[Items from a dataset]

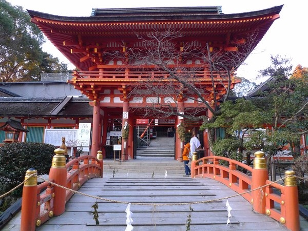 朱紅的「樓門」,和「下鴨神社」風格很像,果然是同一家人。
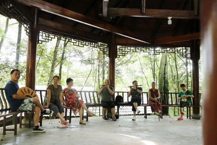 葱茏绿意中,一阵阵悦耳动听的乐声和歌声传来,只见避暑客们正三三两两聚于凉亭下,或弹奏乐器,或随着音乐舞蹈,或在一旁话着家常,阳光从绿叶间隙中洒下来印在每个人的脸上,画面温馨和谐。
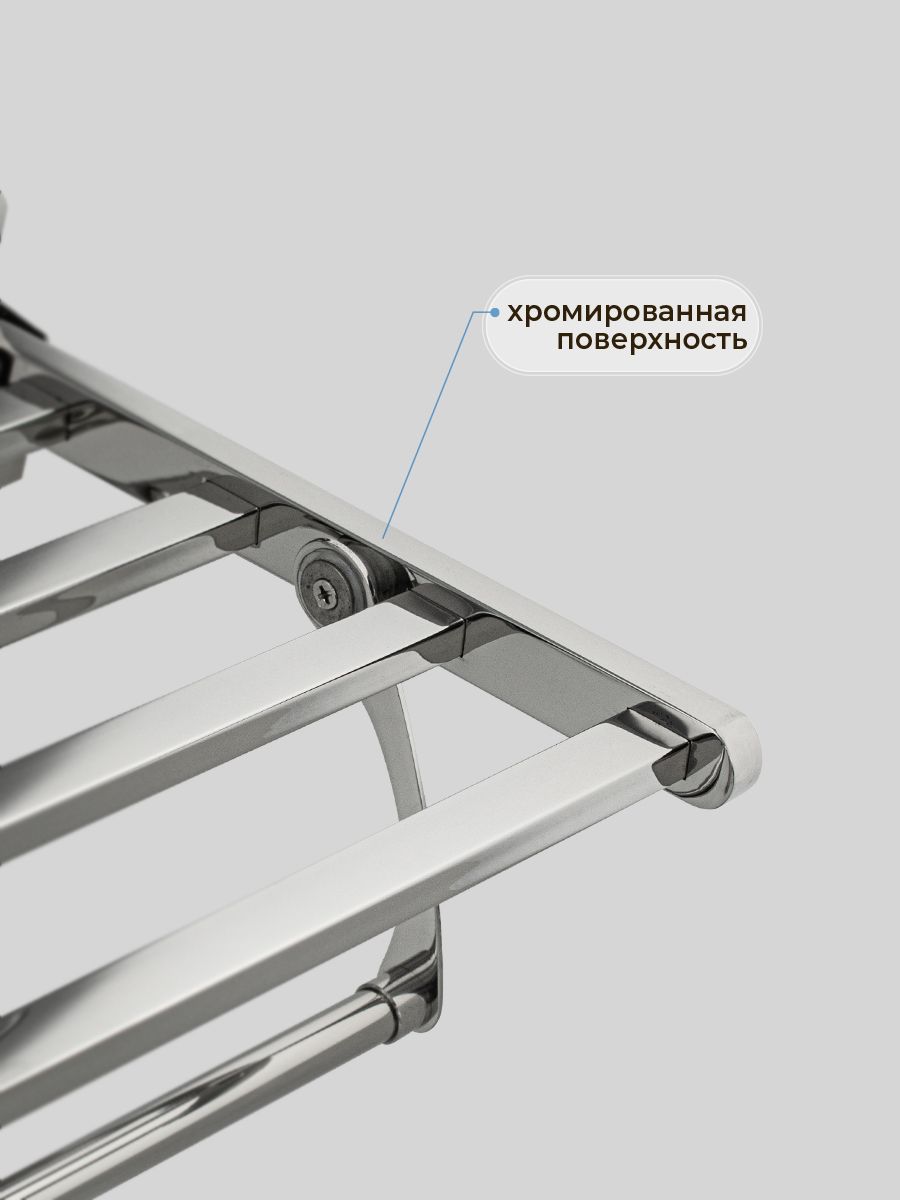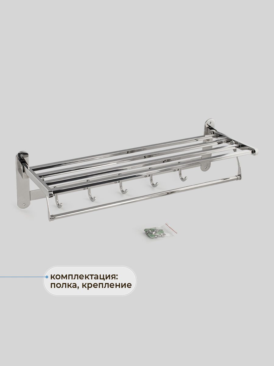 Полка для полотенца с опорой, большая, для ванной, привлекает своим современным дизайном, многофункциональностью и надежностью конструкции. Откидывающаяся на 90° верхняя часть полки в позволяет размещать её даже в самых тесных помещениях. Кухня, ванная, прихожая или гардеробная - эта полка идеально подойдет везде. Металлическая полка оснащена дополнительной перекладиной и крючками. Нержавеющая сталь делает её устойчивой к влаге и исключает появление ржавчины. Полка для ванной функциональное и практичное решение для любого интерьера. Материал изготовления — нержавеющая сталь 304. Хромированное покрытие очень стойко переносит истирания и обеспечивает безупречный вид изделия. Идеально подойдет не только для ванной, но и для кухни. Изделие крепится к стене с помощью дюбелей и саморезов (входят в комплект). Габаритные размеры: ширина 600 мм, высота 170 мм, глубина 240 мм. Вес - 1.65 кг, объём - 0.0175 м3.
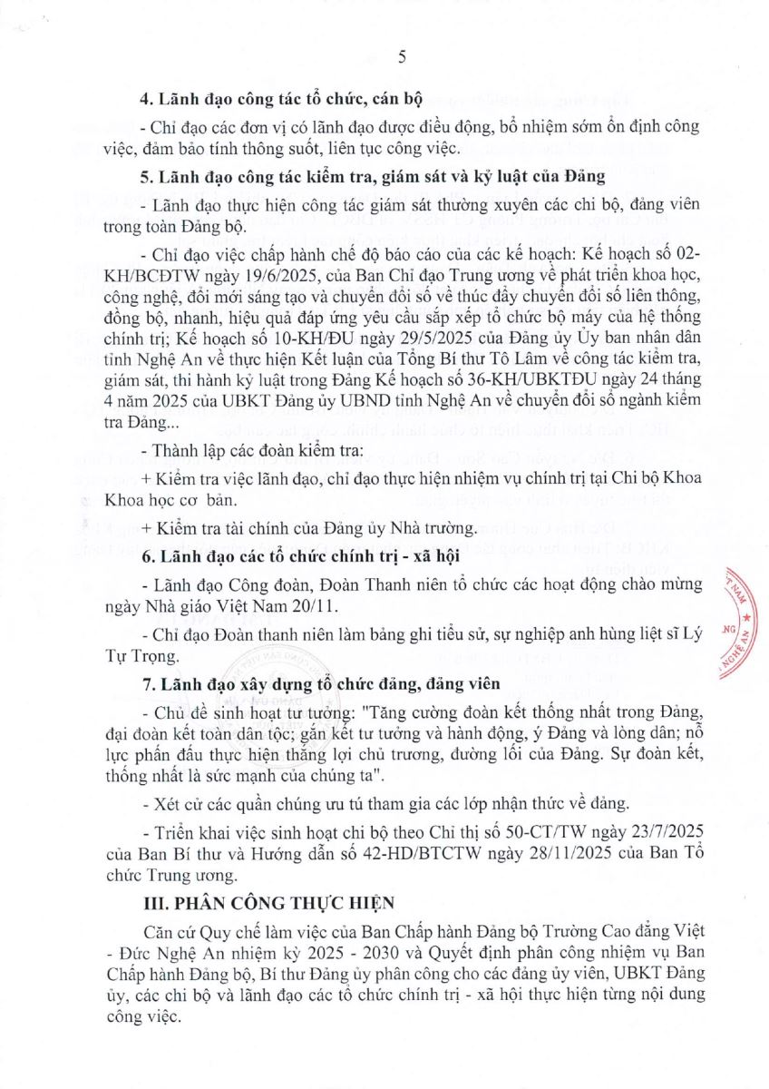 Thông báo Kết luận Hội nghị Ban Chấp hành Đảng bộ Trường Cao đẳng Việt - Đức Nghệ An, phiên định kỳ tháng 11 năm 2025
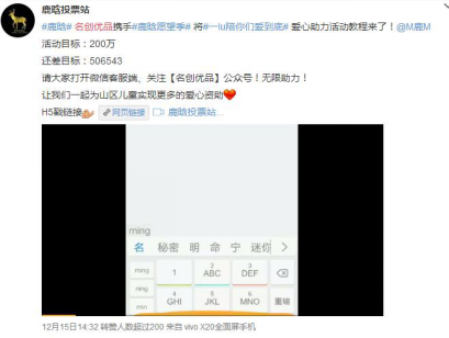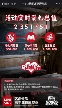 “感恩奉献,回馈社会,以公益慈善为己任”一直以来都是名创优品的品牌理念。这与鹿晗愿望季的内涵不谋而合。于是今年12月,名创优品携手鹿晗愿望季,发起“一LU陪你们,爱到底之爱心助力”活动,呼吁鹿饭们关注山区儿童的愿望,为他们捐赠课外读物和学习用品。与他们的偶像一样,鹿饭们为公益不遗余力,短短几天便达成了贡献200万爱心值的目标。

● **WORK ORDER**: If a line comes after the line with "葱茏绿意中,一阵阵悦耳动听的", it stays out; print exactly every line from the start of the entries up to and including that line, but no pictures.

● **EXPECTED OUTPUT**:
 朱紅的「樓門」,和「下鴨神社」風格很像,果然是同一家人。
 葱茏绿意中,一阵阵悦耳动听的乐声和歌声传来,只见避暑客们正三三两两聚于凉亭下,或弹奏乐器,或随着音乐舞蹈,或在一旁话着家常,阳光从绿叶间隙中洒下来印在每个人的脸上,画面温馨和谐。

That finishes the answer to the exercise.